═══ Data block
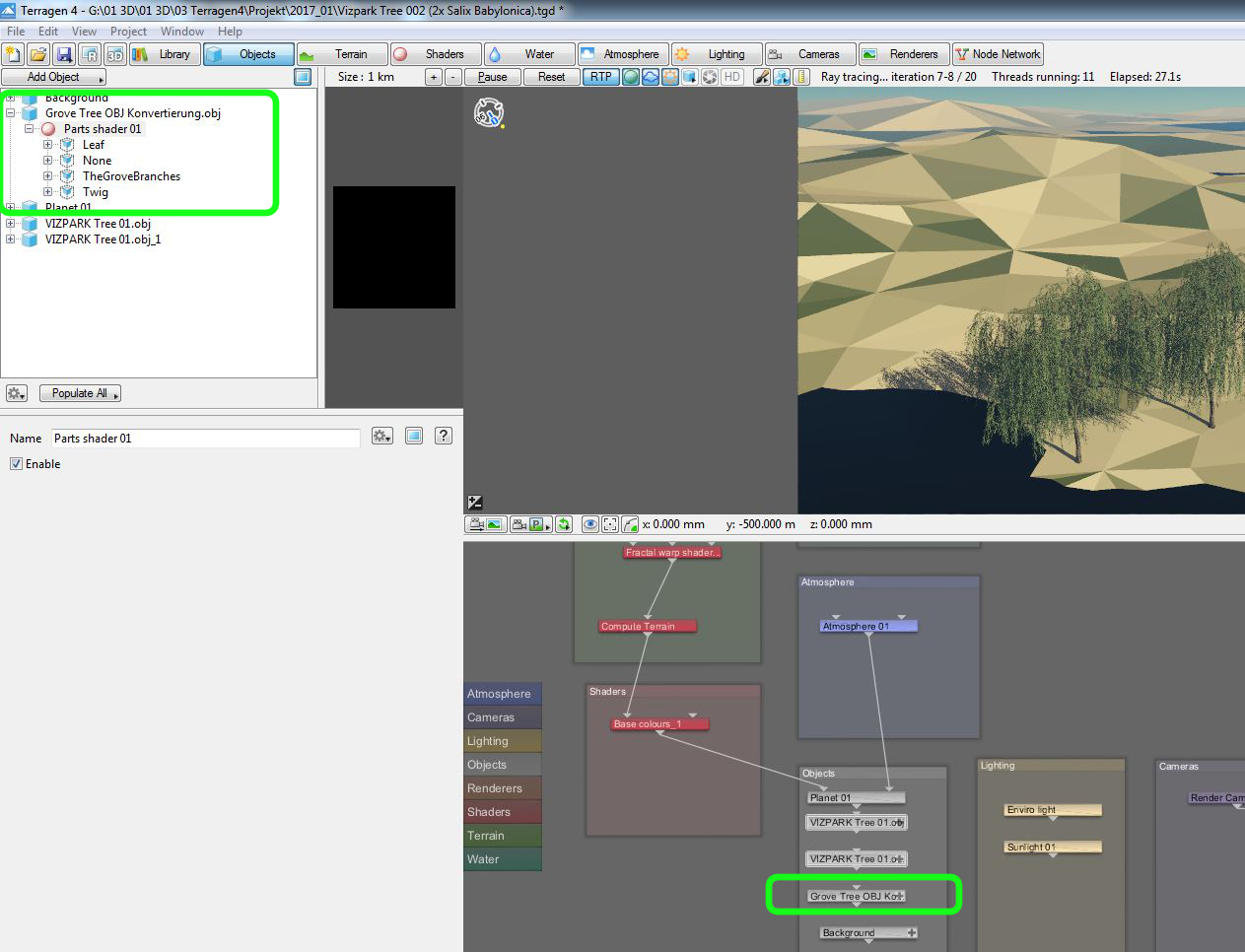 Jetzt aber step by step. Wie an anderer Stelle geschrieben, nimmt DS/OC z.B. den VIZPARK FBX Baum beeindruckend gut an. Da TG4 den Grove Baum als FBX ablehnte, dachte ich mir, konvertiere ich den VIZ Baum eben auch zu OBJ in Blender. Diesmal aber lehnt Blender die FBX ab. Also hab ich's über DS gemacht, hat funktioniert und dann via OBJ nach TG geladen. Ich poste die Probleme gleich jeweils im Blender und TG Forum, damit ich die Sachen auseinander halten kann. -
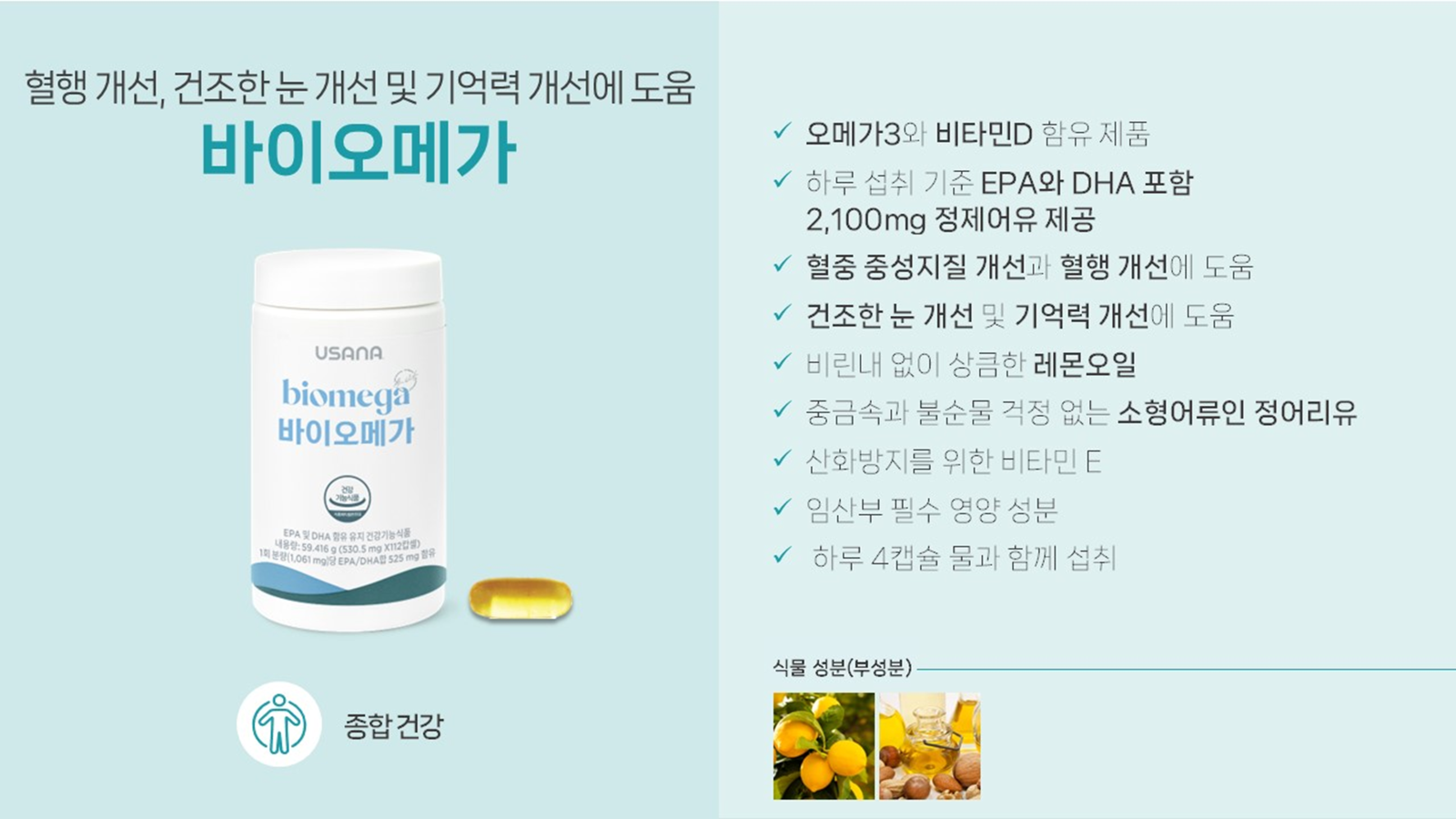 오메가3는 혈행 건강을 위해 꼭 필요한 필수 영양소입니다. 깨끗한 원료와 과학적인 제조 공정을 거친 유사나 바이오메가로 건강한 몸을 유지하세요! 🌿
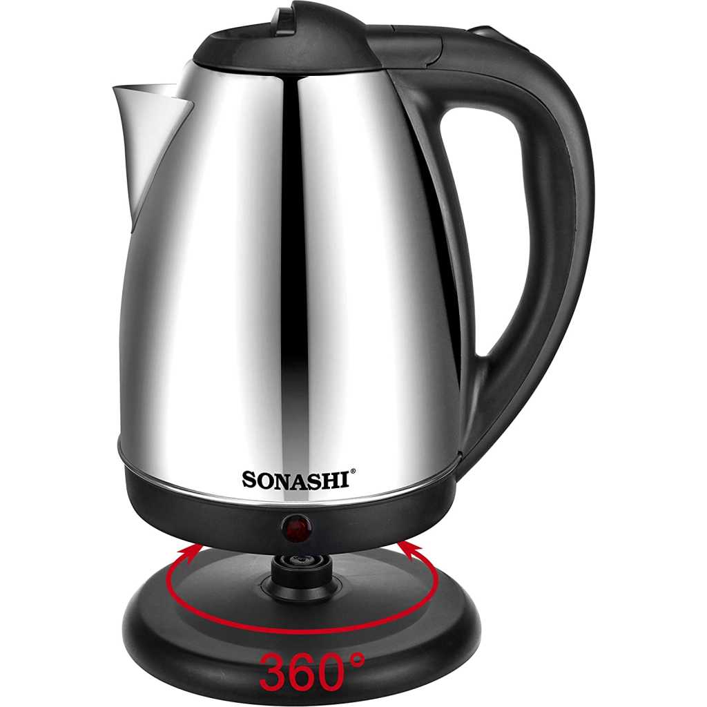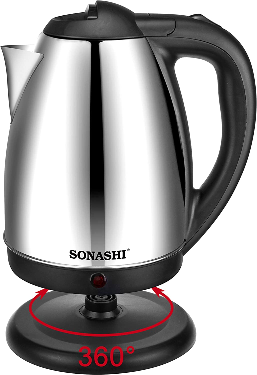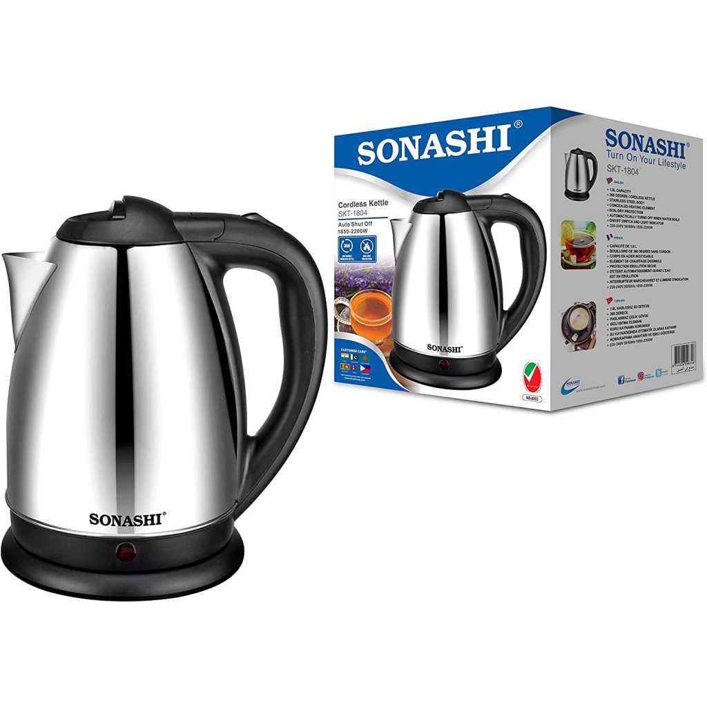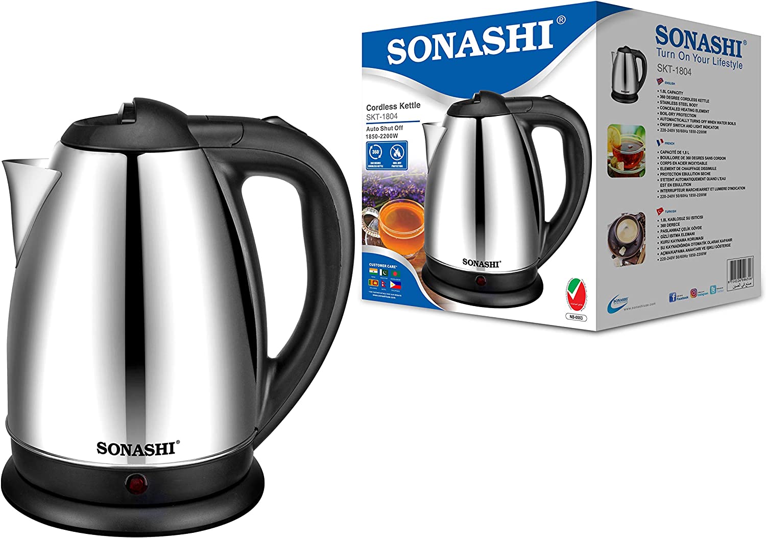 Sonashi 1.8 L Cordless Kettle SKT-1804 – Stainless Steel Kettle w/ Spray Coating, 360-degree Swivel Base, Auto Shutdown, Power On/Off Indicator Light | Home Appliances. Key Features: Sonashi 1.8 L Cordless Kettle SKT-1804. Kitchen Essentials: Sonashi kettle is an essential kitchen item with concealed heating element for fast boiling of water and cooking soups, instant noodles, tea, and coffee. Powered by a 2200W motor it boils 1.8l of water within a few minutes. Cordless Kettle: Sonashi 1.6l kettle is an advanced kitchen appliance with a cordless design. It sits on a 360-degree swivel base attached to a standard power source for heating, after which it can be detached and taken anywhere. It is compact and perfect for traveling. Safety Features: This electric kettle is fitted with advanced safety features like power on/off indicator light, boil-dry protection that automatically shuts down the kettle if there is no water inside the tank or water got used up while heating. It is safe and easy to use by people of all ages. Construction & Design: This kitchen tool is manufactured from premium quality 304 stainless steel with spray coating for superior finish and longevity. It features a wide-mouth opening for easy filling and cleaning. The cool-touch handle makes it convenient to hold and pour. Product Specification: Sonashi 1.8L Stainless Steel Cordless Electric Kettle requires minimal power supply input of 220-240V and 50/60Hz. It is powered by a strong 1850-2200W motor for quick and efficient boiling performance.
══════
Task »
The full material above must be output verbatim, minus any pictures.

Result »
 Jetzt aber step by step. Wie an anderer Stelle geschrieben, nimmt DS/OC z.B. den VIZPARK FBX Baum beeindruckend gut an. Da TG4 den Grove Baum als FBX ablehnte, dachte ich mir, konvertiere ich den VIZ Baum eben auch zu OBJ in Blender. Diesmal aber lehnt Blender die FBX ab. Also hab ich's über DS gemacht, hat funktioniert und dann via OBJ nach TG geladen. Ich poste die Probleme gleich jeweils im Blender und TG Forum, damit ich die Sachen auseinander halten kann. -
 오메가3는 혈행 건강을 위해 꼭 필요한 필수 영양소입니다. 깨끗한 원료와 과학적인 제조 공정을 거친 유사나 바이오메가로 건강한 몸을 유지하세요! 🌿
 Sonashi 1.8 L Cordless Kettle SKT-1804 – Stainless Steel Kettle w/ Spray Coating, 360-degree Swivel Base, Auto Shutdown, Power On/Off Indicator Light | Home Appliances. Key Features: Sonashi 1.8 L Cordless Kettle SKT-1804. Kitchen Essentials: Sonashi kettle is an essential kitchen item with concealed heating element for fast boiling of water and cooking soups, instant noodles, tea, and coffee. Powered by a 2200W motor it boils 1.8l of water within a few minutes. Cordless Kettle: Sonashi 1.6l kettle is an advanced kitchen appliance with a cordless design. It sits on a 360-degree swivel base attached to a standard power source for heating, after which it can be detached and taken anywhere. It is compact and perfect for traveling. Safety Features: This electric kettle is fitted with advanced safety features like power on/off indicator light, boil-dry protection that automatically shuts down the kettle if there is no water inside the tank or water got used up while heating. It is safe and easy to use by people of all ages. Construction & Design: This kitchen tool is manufactured from premium quality 304 stainless steel with spray coating for superior finish and longevity. It features a wide-mouth opening for easy filling and cleaning. The cool-touch handle makes it convenient to hold and pour. Product Specification: Sonashi 1.8L Stainless Steel Cordless Electric Kettle requires minimal power supply input of 220-240V and 50/60Hz. It is powered by a strong 1850-2200W motor for quick and efficient boiling performance.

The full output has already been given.